Phew! Now that you're a Licensed Acupuncturist, you can start practicing or you can continue on to a Doctoral program!


That's what I did.


I enrolled with the Pacific College of Health and Science and completed my Doctorate in 3 years, which landed me with the title Doctor of Acupuncture (DAc). There are many reasons why someone may choose to continue their education after their Master's. I wanted to be able to take a more integrated approach to my practice, to be able to communicate with and clearly understand Western Physicians, and to ultimately be able to provide well rounded care to my patients.



On to Dry Needling.


Dry needling is a treatment that providers use for pain and movement issues associated with myofascial trigger points. Some AOM practitioners have really strong opinions on dry needling. I do not. I see the benefit in using it, but I also think it's important to educate and differentiate between the education of a Licensed Acupuncturist and a practitioner who learns dry needling, and the difference between Acupuncture and dry needling.


A trained professional, such as a Physical Therapist (who are highly educated and incredibly valuable healthcare professionals) may perform dry needling. Their training to become a Physical Therapist is extensive. The training to learn how to dry needle is a minimum of 24 hours of face-to-face dry needling course study. Dry needling must be performed in a manner that is consistent with generally accepted standards of practice, including sterile needle procedures and the standards of the CDC.
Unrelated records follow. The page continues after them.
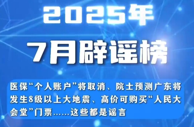 医保“个人账户”将取消、院士预测广东将发生8级以上大地震、高价可购买“人民大会堂”门票 中国互联网联合辟谣平台2025年7月辟谣榜
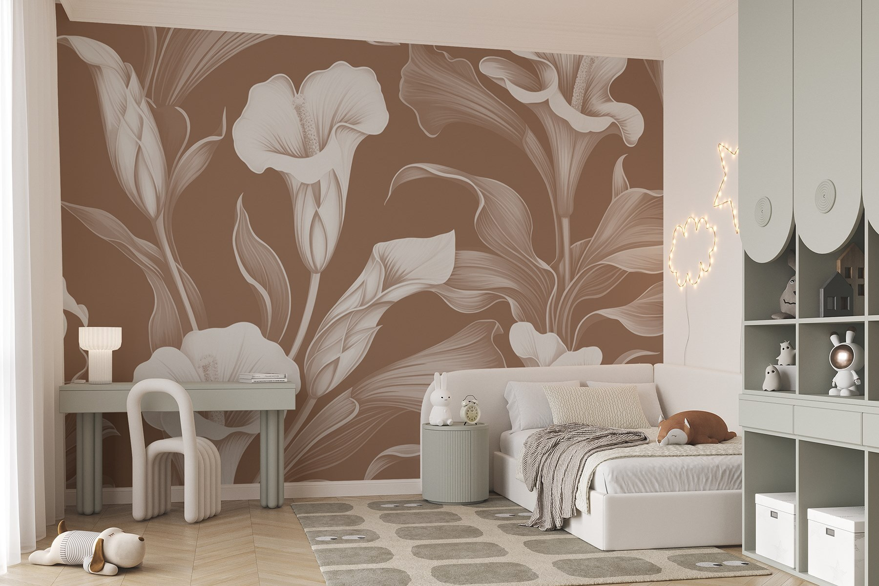 Transformați-vă spațiul într-un refugiu floral liniștit cu acest fototapet Elegant Floral Design. Imaginați-vă că intrați în camera dvs. și, brusc, vă simțiți ca într-o grădină! Tonurile liniștitoare și detaliile delicate creează o atmosferă pașnică, perfectă pentru a vă relaxa cu o carte bună sau pentru a savura o ceașcă de ceai în liniște. Este ca și cum ați aduce natura în interior, fără alergiile asociate. Florile grațioase dansează pe perete, șoptind povești despre zilele de vară și briza ușoară. Perfect pentru orice loc care are nevoie de un strop de farmec natural. La urma urmei, cine nu și-ar dori o oază plină de flori acasă?
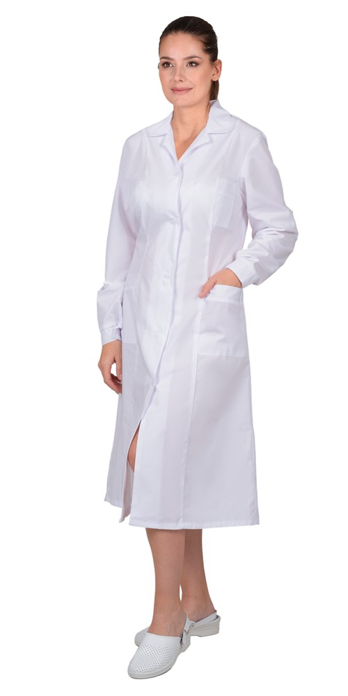 Классическая модель с нагрудным и двумя нижними накладными карманами, отложным воротником и длинными рукавами с манжетами. Ширина халата по линии талии регулируется хлястиком.
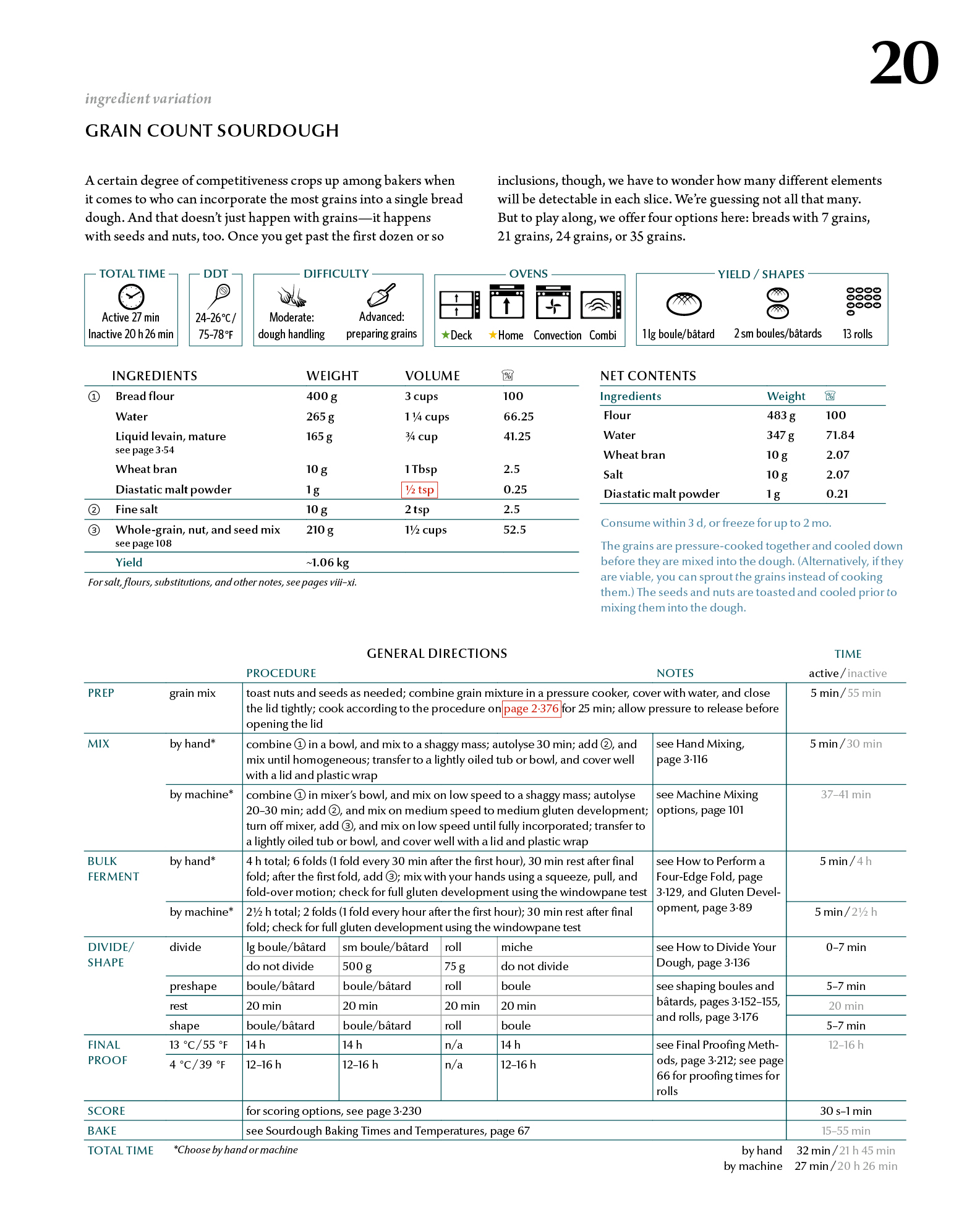 | Grain Count Sourdough | Chapter 20 / Page 107 | Diastatic malt powder volume measurement corrected; prep procedure cross reference corrected |

There is no use or claim to practice acupuncture, there is no use of acupuncture or Traditional Chinese Medicine theories, there is no use of meridian acupoints and terminology, there is no use of acupuncture diagnosis like tongue or pulse, and there is no claim to stimulate auricular or distal acupuncture points.


Dry needling and Acupuncture are completely different treatments, and offer different benefits to those seeking.